▶ _TASK BRIEF_:
The records beneath should be printed exactly, and the pictures are to be left out.

Top of TASK INPUT

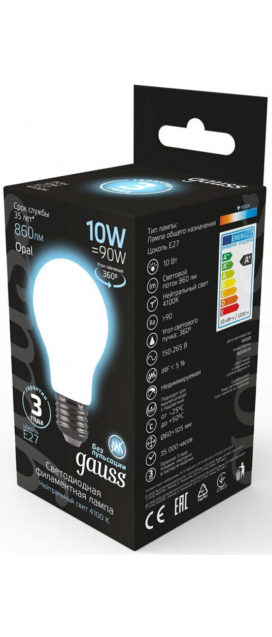 Лампа светодиодная филамент A60 10Вт E27 4100К холодная Filament A60-OPAL Gauss 102202210 1/10/40
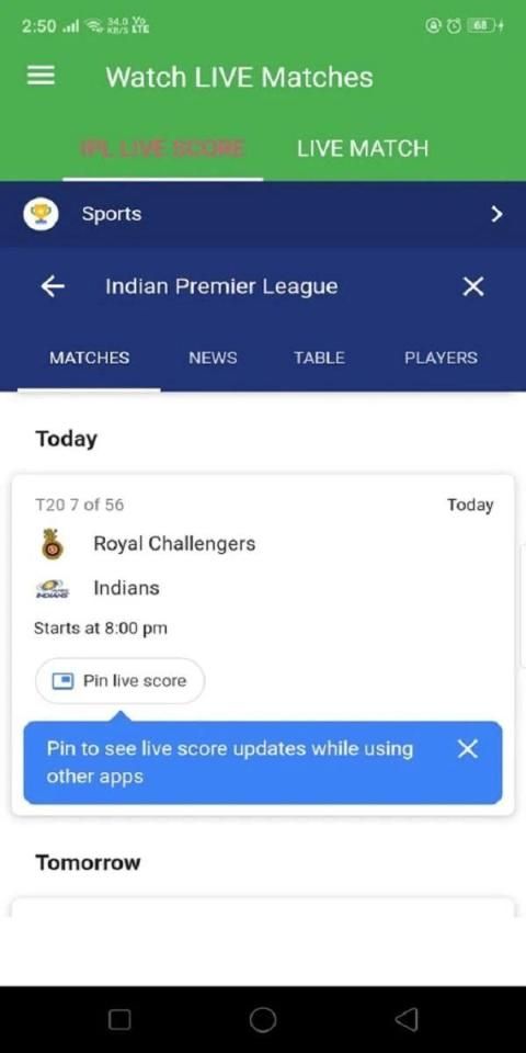 Ini menunjukkan semua game seperti Pertandingan Kriket LIVE, Pertandingan Sepak Bola Langsung, Pertandingan Bola Basket Langsung dan pertandingan LANGSUNG lainnya juga.
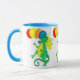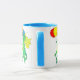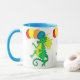 Une tasse colorée avec des dragons verts et jaunes, portant des ballons, d'une aquarelle de Judy Adamson.
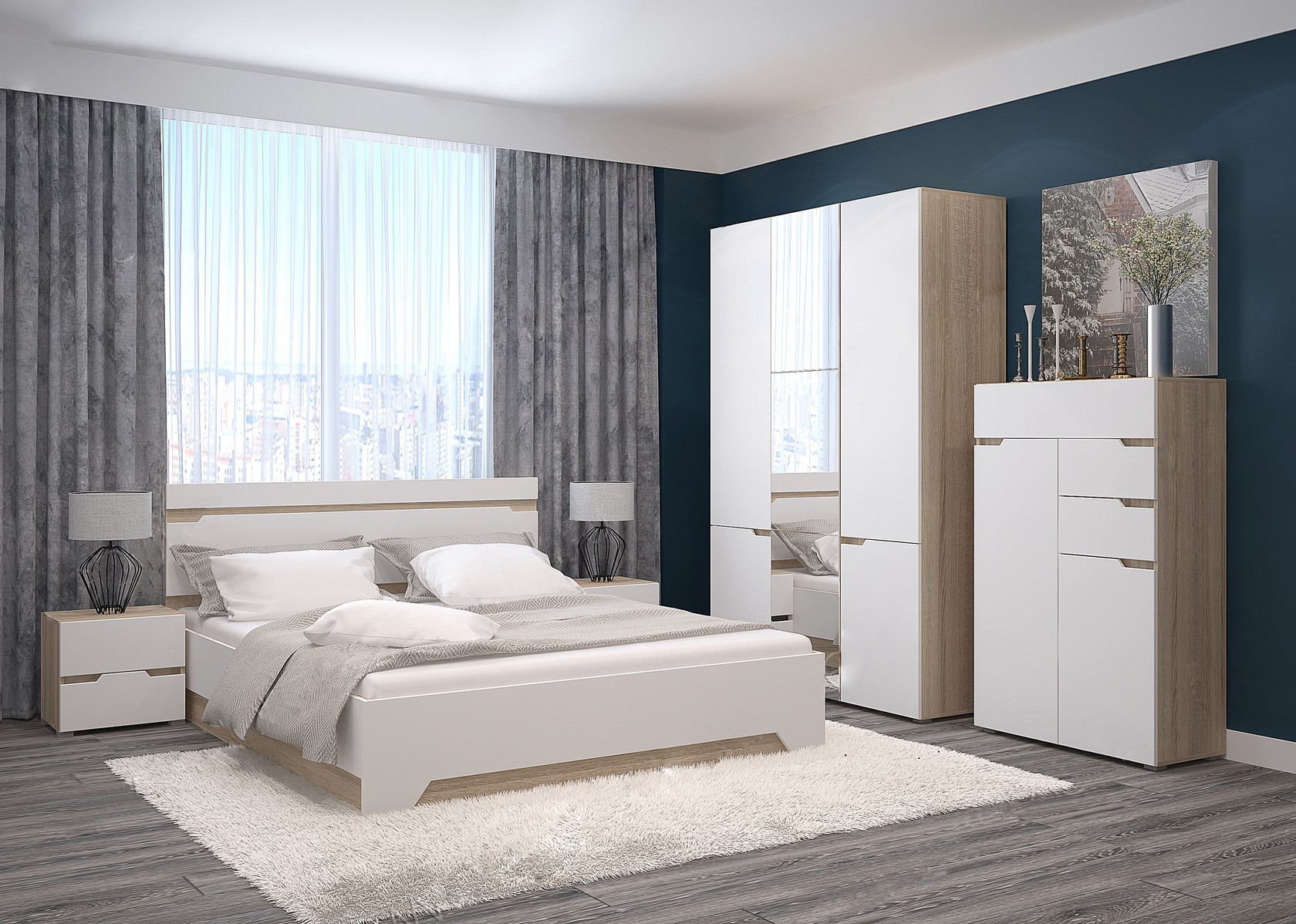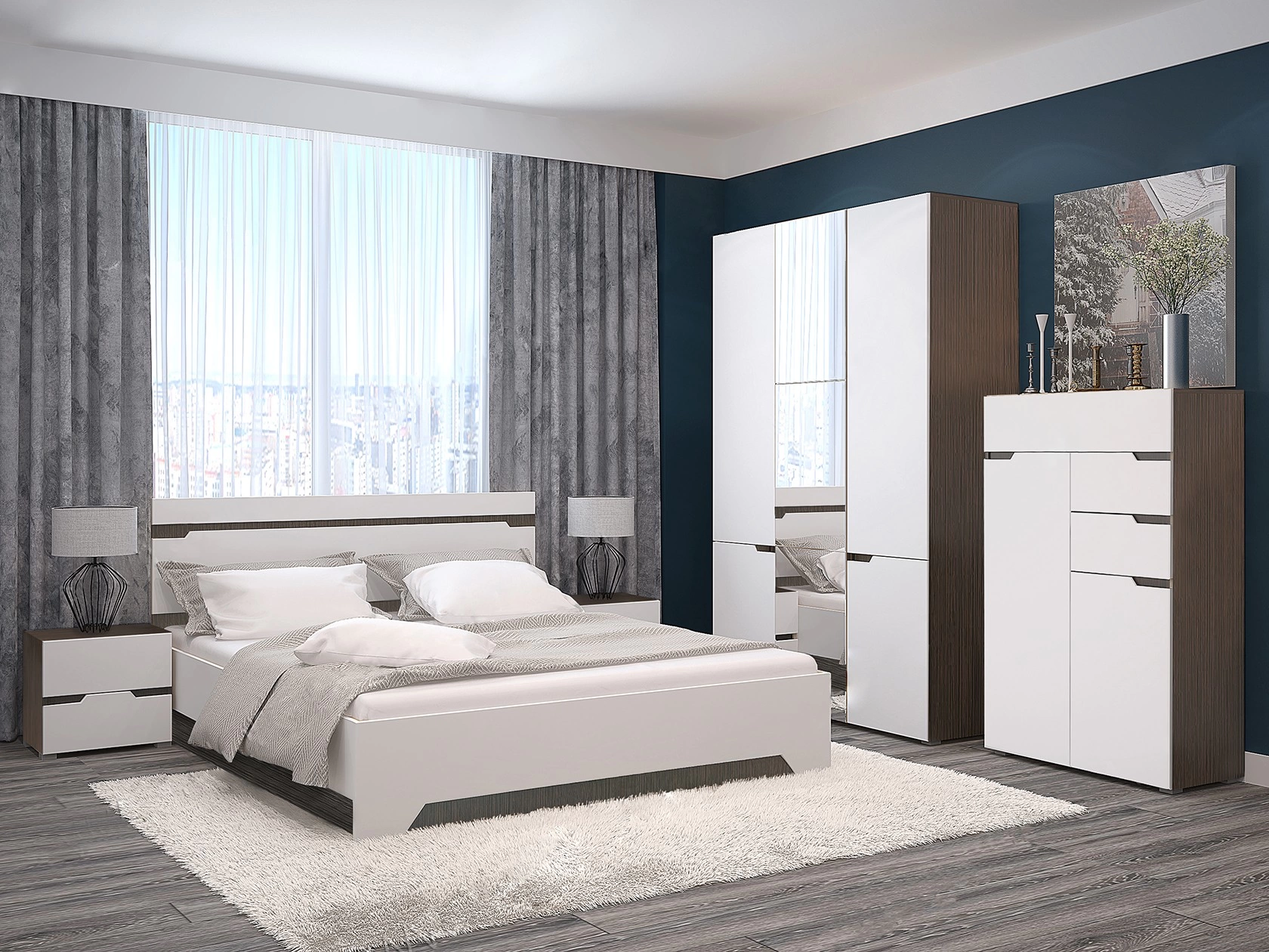 Спальня Амстердам - это простота и лаконичность, которая особенно подходит для городских квартир. Все это делает интерьер вашей спальни эргономичной и функциональной, но вместе с тем не лишенной удобства и комфорта. Фасады матовые. Изготовлены в пленке с эффектом Soft Touch. Это создает ощущение мягкости и бархатистости на ощупь!
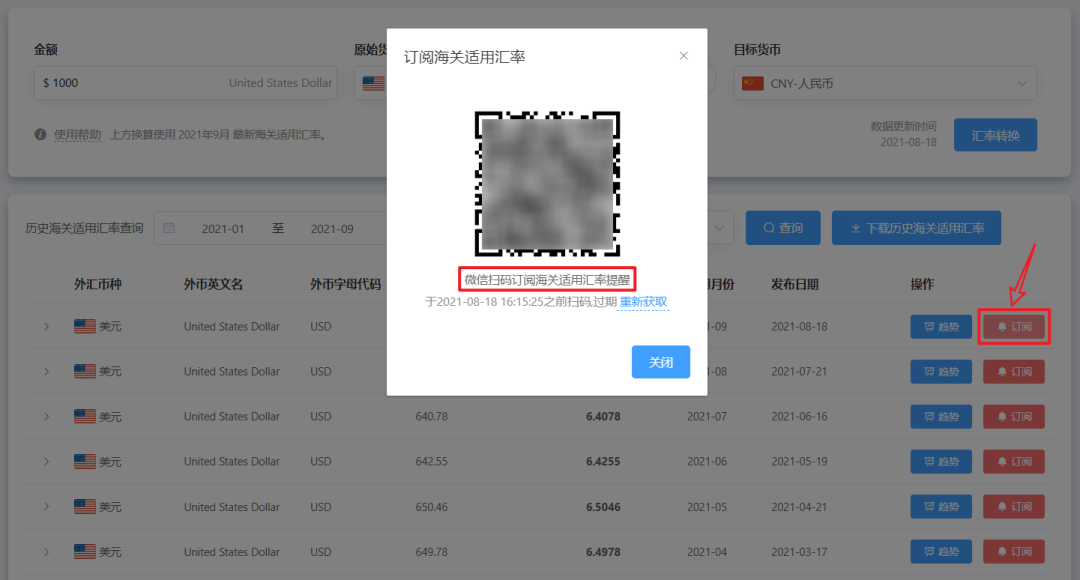 点击【订阅】按钮,微信扫码订阅,实时获取海关适用汇率最新变化通知。
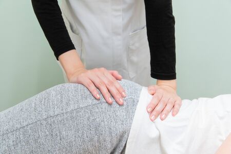 Physiotherapist massaging the belly of a young woman.Physiotherapy and recovery
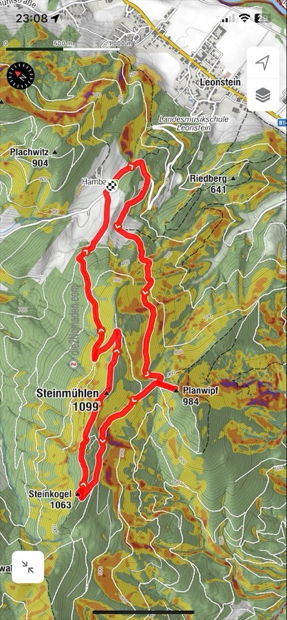 Das nehmen wir gerne an und so füttern wir die kleine Box, packen unsere Sachen, starten die GPS-Uhren und gehen ein kurzes Stück die Straße retour Richtung Leonstein.
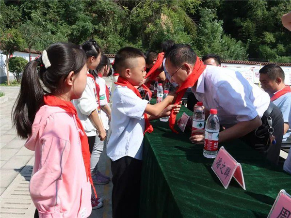 捐贈儀式上,少先隊員向各位嘉賓敬獻紅領(lǐng)巾。校長馮波向愛心企業(yè)、愛心人士對教育事業(yè)的大力支持表示衷心的感謝。

Bottom of TASK INPUT

▶ _ANSWER SPACE_:
 Лампа светодиодная филамент A60 10Вт E27 4100К холодная Filament A60-OPAL Gauss 102202210 1/10/40
 Ini menunjukkan semua game seperti Pertandingan Kriket LIVE, Pertandingan Sepak Bola Langsung, Pertandingan Bola Basket Langsung dan pertandingan LANGSUNG lainnya juga.
 Une tasse colorée avec des dragons verts et jaunes, portant des ballons, d'une aquarelle de Judy Adamson.
 Спальня Амстердам - это простота и лаконичность, которая особенно подходит для городских квартир. Все это делает интерьер вашей спальни эргономичной и функциональной, но вместе с тем не лишенной удобства и комфорта. Фасады матовые. Изготовлены в пленке с эффектом Soft Touch. Это создает ощущение мягкости и бархатистости на ощупь!
 点击【订阅】按钮,微信扫码订阅,实时获取海关适用汇率最新变化通知。
 Physiotherapist massaging the belly of a young woman.Physiotherapy and recovery
 Das nehmen wir gerne an und so füttern wir die kleine Box, packen unsere Sachen, starten die GPS-Uhren und gehen ein kurzes Stück die Straße retour Richtung Leonstein.
 捐贈儀式上,少先隊員向各位嘉賓敬獻紅領(lǐng)巾。校長馮波向愛心企業(yè)、愛心人士對教育事業(yè)的大力支持表示衷心的感謝。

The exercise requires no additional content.